The previous post in this series introduced the problem of foot care for endurance and trail races, and very specifically talked about heel blisters and their cause, mitigation and resolution.

During any race or event that involves dirt, water, and uneven or hilly terrain, the likelihood of developing problems with the feet increases dramatically. Certain races, too, seem to develop problems much more quickly leading many seasoned racers to exclaim “I never  usually have problems like this…”. This was certainly the case at the Endurance Society event “Infinitus”.

I spent the better part of 2 days working on athletes feet at Infinitus working on athletes feet, and saw a pattern of problems. The most common was related to heel blisters, and was discussed in the previous article in this series.
The classes of issues mostly fell into the following areas with the items in italic the subject of this post

  • Heel blisters
  • Blisters between toes 
  • Blisters beneath pinky toe
  • Heavily bruised or lost toenails, often with blisters beneath the nail
  • Maceration
  • Blisters on the ball of the foot

So lets stick with the topic of blisters, and dive deeply into the cause of blisters on and around the toes, and talk about how to mitigate problems, as well as emergency solutions if these issues develop mid race.

Problem : Blisters Between Toes


Whereas heel blisters are immediately painful, blisters between the toes tend to sneak up on you. Partially this is because the pain factor is often not too bad in most cases. That said, as toe blisters worsen, they can pop and become incredibly uncomfortable as well as becoming a risk of infection.

But what causes them? Well like any blister, the causes are heat, moisture and friction. Which particular toe is affected usually depends upon your foot mechanics, but the majority of cases affect the pinky toe.

Blisters between the toes occur, for the most part, when they rub against each other. This can be accelerated by debris in the shoe/sock, but is most often caused by an ill fitting shoe.

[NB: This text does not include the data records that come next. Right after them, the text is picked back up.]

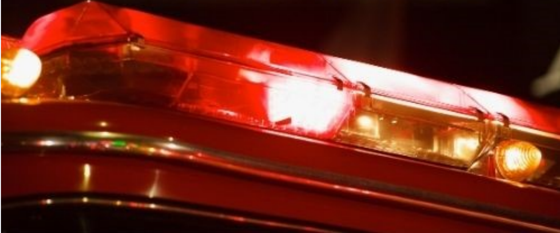
Primary EMS Responses September 12-18, 2024
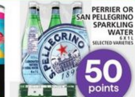
PERRIER OR SAN PELLEGRINO SPARKLING WATER 1.5 L SELECTED VARIETIES
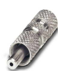
Fiber optic contact insert, Range of articles: VARIOCON, design: FSMA, housing material: Nickel silver, color: light grey, number of positions: 1

Please be informed that the data shown in this PDF document is generated from our online catalog. Please find the complete data in the user documentation. Our general terms of use for downloads are valid.
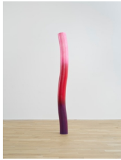
Mark Handforth Hypnagogic Candy , 2023 Aluminum and polyurethane paint 103 x 12 x 12 inches (261.6 x 30.5 x 30.5 cm)

531 West 24th Street New York NY 10011 tel 212 206 9100 fax 212 206 9055 www.luhringaugustine.com
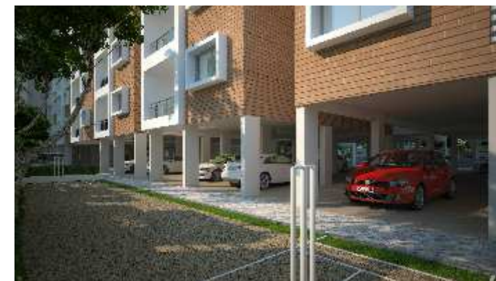
cricket area view
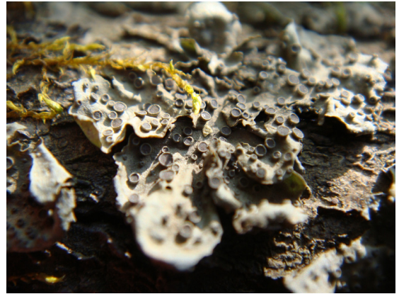
Fig. 2. Fertile thallus of Leptogium rivulare (Ach.) Mont. on bark of black alder.

! LEPTOGIUM RIVULARE (Ach.) Mont. (Fig. 2) – on bark of black alder, XVIII: 52, SYKO. RA. – This is a rare species in Russia. It is included in the global IUCN Red List of Threatened Species in the category Near Threatened (Randlane, 2015). Distribution in Russia: Murmansk Region (Halonen, 1996), Republic of Komi (Pystina et al., 1999, Pystina 2001; Degteva, 2019), Republic of Mari El (Bogdanov, 2015; Bogdanov & Urbanavichus, 2008), and Sverdlovsk Region (Paukov & Teptina, 2012, 2013).
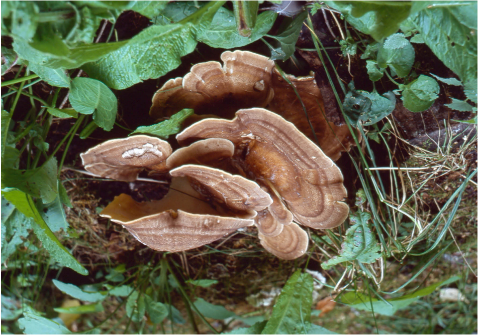
Fig. 6. Meripilus giganteus .
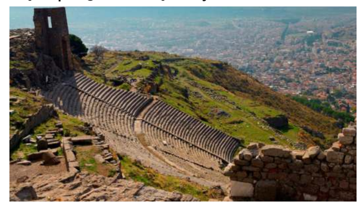
Day 12 | Pergamon, Troy and Çanakkale.

Begin your day of legends with a trip to Pergamon. Once a powerful ancient Greek city, you'll find the Asklepion temple here. A famous shrine and healing centre, it was built in honour of Asklepios, the god of medicine. Next, head to Homer's city of Troy, the focal point of the Trojan war and the backdrop to one of history's most famous love stories, that of Paris and Helen of Troy, the face that launched 1000 ships. A replica of the mighty Trojan Horse, which helped the Greeks capture the city in 1200 B.C., can be found beside the city's walls. After some time exploring, continue your journey to Çanakkale, a gateway to the Gallipoli WWI battlefields.
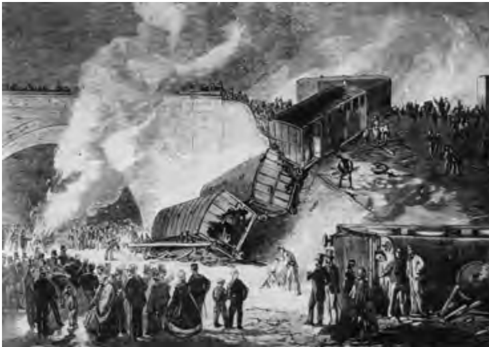
A print of a railway disaster near London in 1861.
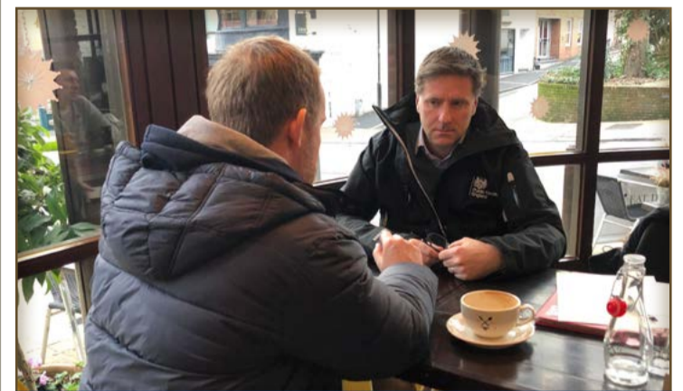
Steve Brine being briefed by Winchester’s Chief Inspector recently.

In addition, as part of ongoing work to tackle serious violence, the Government will urgently review a pilot which makes it simpler for officers to use stop and search powers, with a view to rolling this out across all forces, including Hampshire.
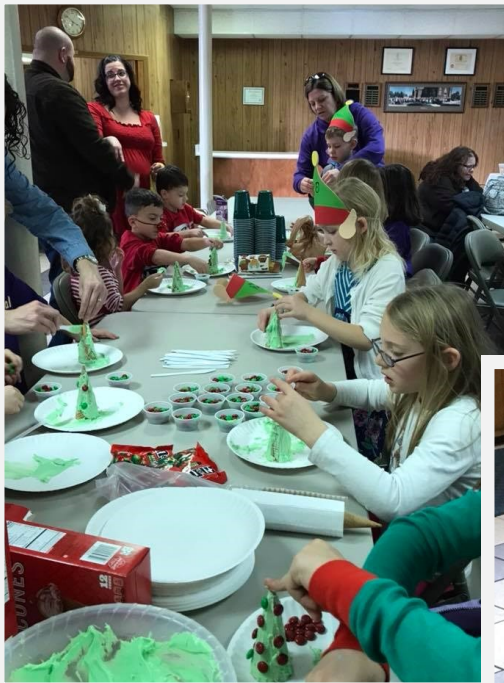
A visit from Santa and making Christmas trees from ice cream cones!

Sharing a few pictures from the fun the children had at their Christmas Party on the afternoon of December 10.
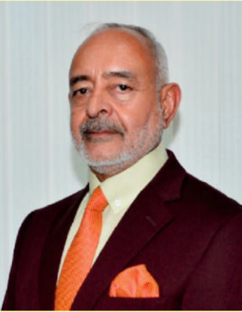
(Admiral D K Joshi)

PVSM, AVSM, YSM, NM, VSM (Retd.) Lieutenant Governor Andaman & Nicobar Islands &

For some reason, the majority of trail and running shoes on the market appear to be made for standard feet, where most endurance athletes have feet that run wider than normal. In my opinion, the majority of feet issues that appear during races occur because the toe box of the shoe is too small.

Go and take a look at your shoes right now. I guarantee that most of your regular shoes, and enough of your running shoes have a taper to the toe box (the toe box, being the section of the shoe that goes from the ball of your foot to the end of your toes). In fact, this taper can be responsible for a multitude of problems. Choosing the right shoe will be a topic for another post.

Result of a shoe with a small or tapered toe box

Result of a shoe with a small or tapered toe box

When the toe box of the shoe is too small, all your toes are essential mushed together. At this point, the transition of your running onto the ball of your foot and then your toes (which would ideally have your toes able to move independently of each other to compensate for unevenness in the ground) push against each other, providing the friction those blisters love. The toe box taper on shoes is usually most aggressive on the outside, and as such the pinky toe is usually the most affect. For this reason, most toe blisters I have seen impact the inside or the end of the pinky toe.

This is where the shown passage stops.